Background: Isolated RBD is now recognized as a prodrome of Parkinson’s Disease and Lewy body dementia. In addition to basal ganglia pathology, subcortical structures including the cholinergic basal forebrain and the noradrenergic locus coeruleus have been proposed to underlie cognitive and neuropsychiatric symptoms. Structural and functional MRI can provide insight into early pathological changes associated with iRBD disease progression for identifying biomarkers of disease conversion.
Method: Structural and functional MRI data was collected from 19 age-matched healthy controls and 21 iRBD patients of which 15 underwent repeat assessment and imaging over a 4-year period. Participants underwent clinical and neuropsychological assessments. Volume-based morphometry and seed based functional connectivity (FC) were analysed using the CAT12 and SPM toolbox on MATLAB. Statistical analysis included general linear models, repeated measures ANOVAs and correlation analysis corrected for multiple comparisons (FDR<0.05).
Results: In baseline assessments, iRBD patients had increased FC between the Nucleus Basalis of Meynert (NBM) and the visual network, along with decreased volume in the NBM and inferior parietal lobule compared to controls (all p-values < 0.05). Longitudinal follow-up on the iRBD patients indicated severe reduction in grey matter volume in the anterior cingulate cortex, visual cortex and amygdala (p < 0.05) compared to baseline. They also demonstrated increased thalamus-pedunculopontine nucleus FC (p = 0.015) and increased locus coeruleus-ventral attentional network FC (p = 0.015). Cognitive scores were negatively correlated with NBM and basal ganglia FC to the default mode, visual and attentional networks (p < 0.05). Patients who underwent disease conversion (1 PD; 2 DLB) had increased locus coeruleus FC to the dorsal attentional network (p = 0.035).
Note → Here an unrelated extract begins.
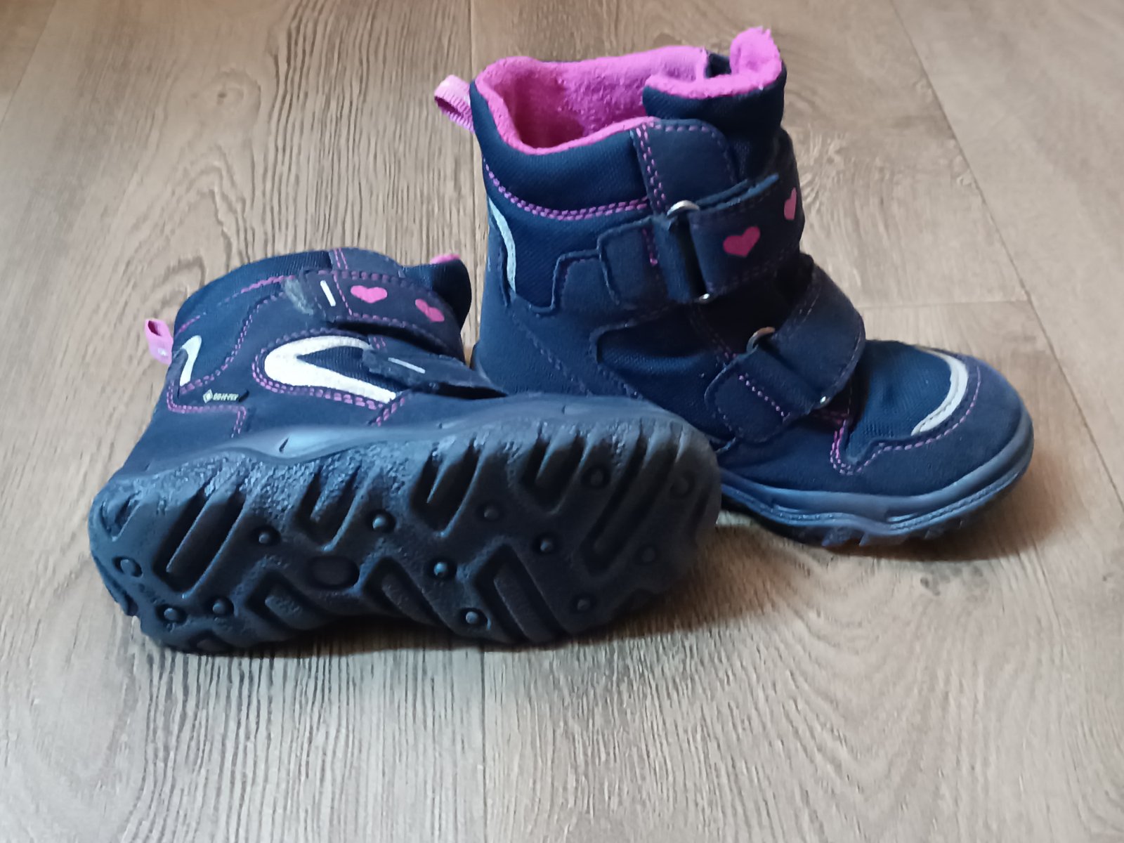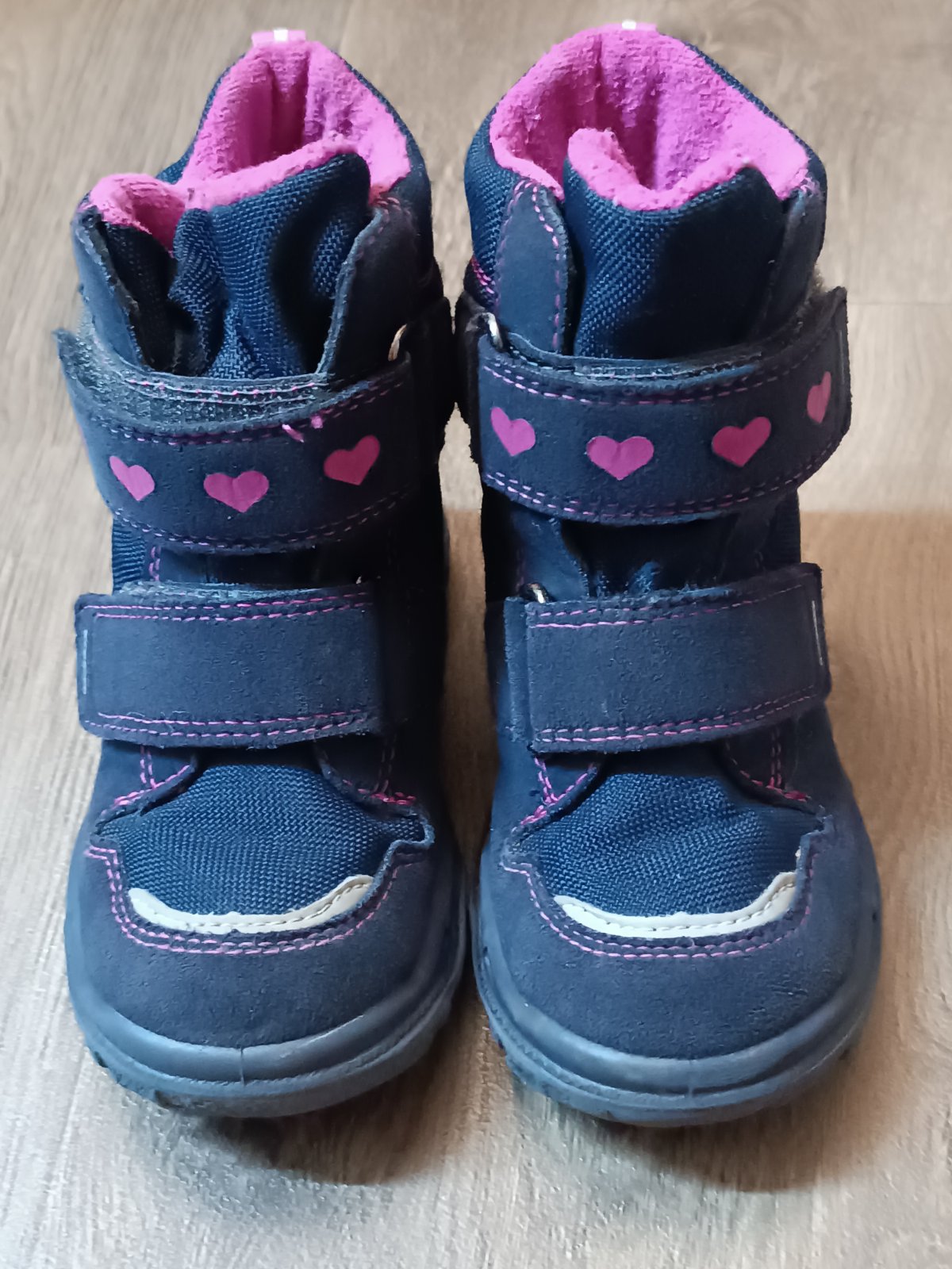 Nabízím dívčí zimní boty značky Superfit, tmavě modré, velikost 25. Délka stélky 16,5cm. Vevnitř krásně vyteplené, s membránou Gore-Tex pro zajištění nepromokavosti a prodyšnosti. Nošené, hezký stav.

Conclusion: The results indicate that cholinergic pathways and regions responsible for visual processing are implicated early in iRBD. Additionally, abnormal FC in cholinergic and noradrenergic nuclei appears to be linked to the advancement of RBD, potentially serving as indicators for cognitive decline and disease transition in iRBD patients.
References: 1. Postuma RB, Iranzo A, Hu M, Högl B, Boeve BF, Manni R, et al. Risk and predictors of dementia and parkinsonism in idiopathic REM sleep behaviour disorder: a multicentre study. Brain. 2019 Mar;142(3):744–59.
2. Postuma RB. Resting state MRI: a new marker of prodromal neurodegeneration? Brain. 2016 Aug 1;139(8):2106–8.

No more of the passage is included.